Ethereal extract is a difficult variable to compare with data reported in the literature, since it strongly depends on the method used (Alam et al., 2008; Oyetayo & Ariyo, 2013; Patil et al., 2010). In this study, ethereal extract and crude protein appeared as pivotal variables in the bromatological profile of P. ostreatus, since their variation was remarkable.

Unexpectedly, there was no significant correlation between the bromatological values of the substrate and sporomes. This is consistent with the results reported by Vega & Franco (2013), who argue that sporome development is substantially independent from the substrate when different nutrients are available, regardless of their proportion. According to Baena González (2005), ashes in P. ostreatus are strain-correlated instead of substrate-correlated.

On the other hand, Benavides et al. (2015) report a correlation between oil palm rachis in the substrate and ethereal extract of P. ostreatus sporomes. Conversely, according to Savón et al. (2007), substrate composition influences the quality and protein quantity of fungi, whereas ashes represent the mineral content that becomes available for fungal growth (Benavides, 2013).
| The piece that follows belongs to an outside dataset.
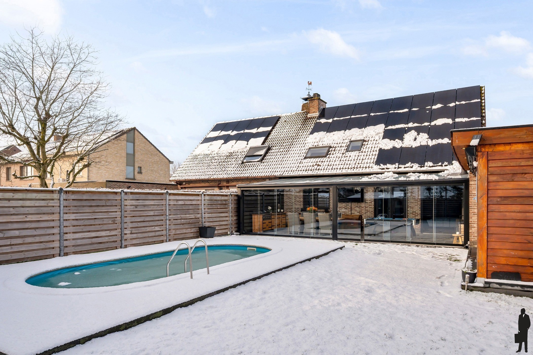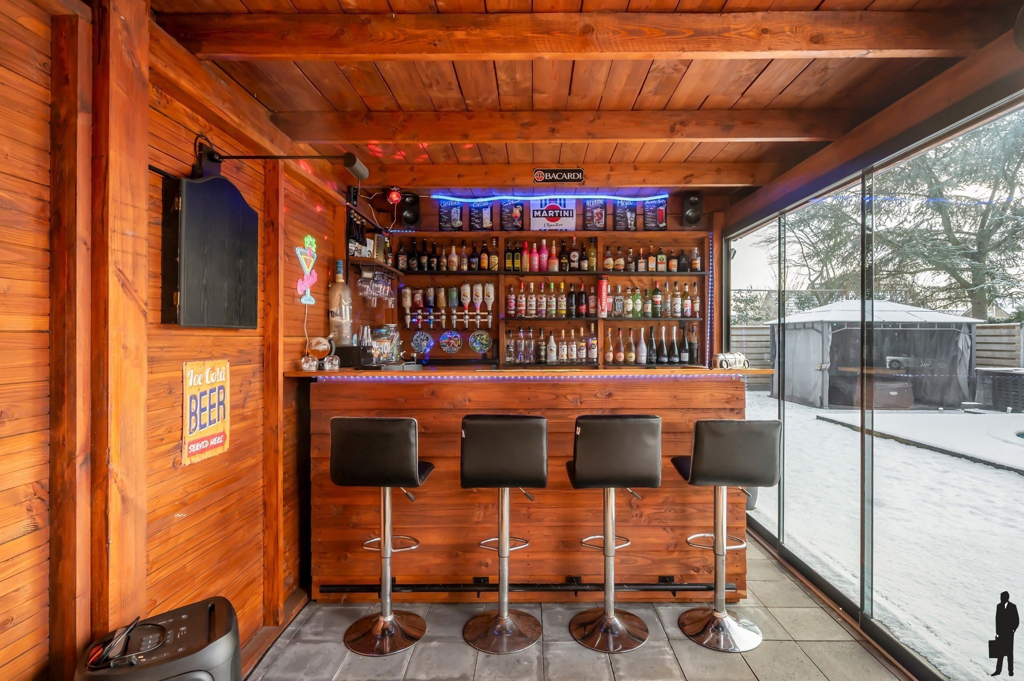 De tuin met zuidoostoriëntatie werd recent volledig omheind en beschikt over een verwarmd zwembad, een tuinhuis en een poolhouse, ingericht met lounge en buitenbar!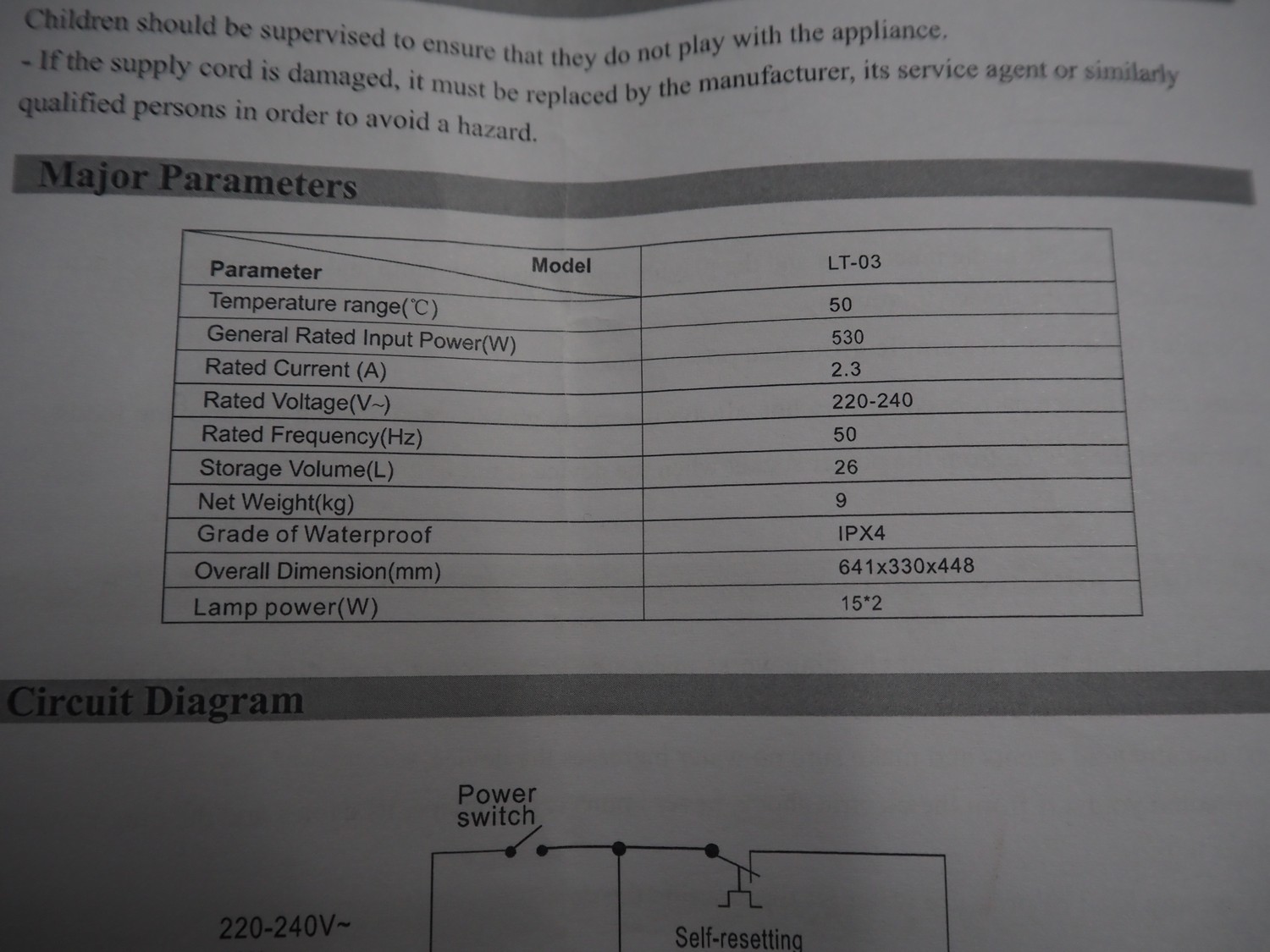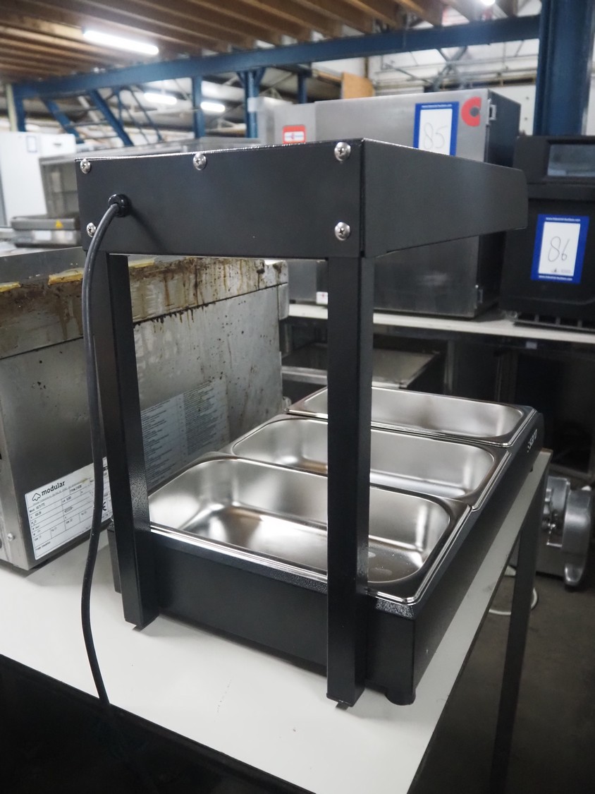 Saro Gastro-Products GmbH counter top food warmer, model: LT-03, 220-240 V, 50 Hz, 2.3 A, 530 W, weight: 9 kg, 3 gastronorm bins, bin dimensions: 300 mm x 170 mm x 60 mm, total dimensions: 650 mm x 330 mm x 440 mm.

Bromatological profiles of wood substrates are consistent with the literature (Familoni et al., 2018), although WingChing-Jones and Retana (2009) found lower content of crude fiber, and Jafarpour et al. (2010) found remarkably higher content of crude fiber than in other substrates. High fiber content is highly desirable; according to Hoyos et al. (2012), it is essential for the growth of P. ostreatus. Moreover, fibers can be incorporated into the soil as easily assimilated aggregates for crops.

In conclusion, pruning residues from apple trees, peach trees, and pear trees can be successfully used as raw materials to obtain substrates for P. ostreatus cultivation. Substrates composed of wood chips mixed with hay showed the best performance in terms of biological efficiency and morphometric parameters of sporomes. The 50% hay + 50% peach wood mix resulted in the highest values of those variables. Moreover, sprouting of primordia took a shorter time on this substrate than on the other substrates.

Therefore, the methodology applied in the present study is adequate for the production of P. ostreatus. The cultivation protocol was confirmed to be user-friendly for scalable production by small farmers. Substrate disinfection is a fundamental factor in the reduction of microbial competitors; moreover, heat disinfection partially alters substrate consistency and favors fungal colonization.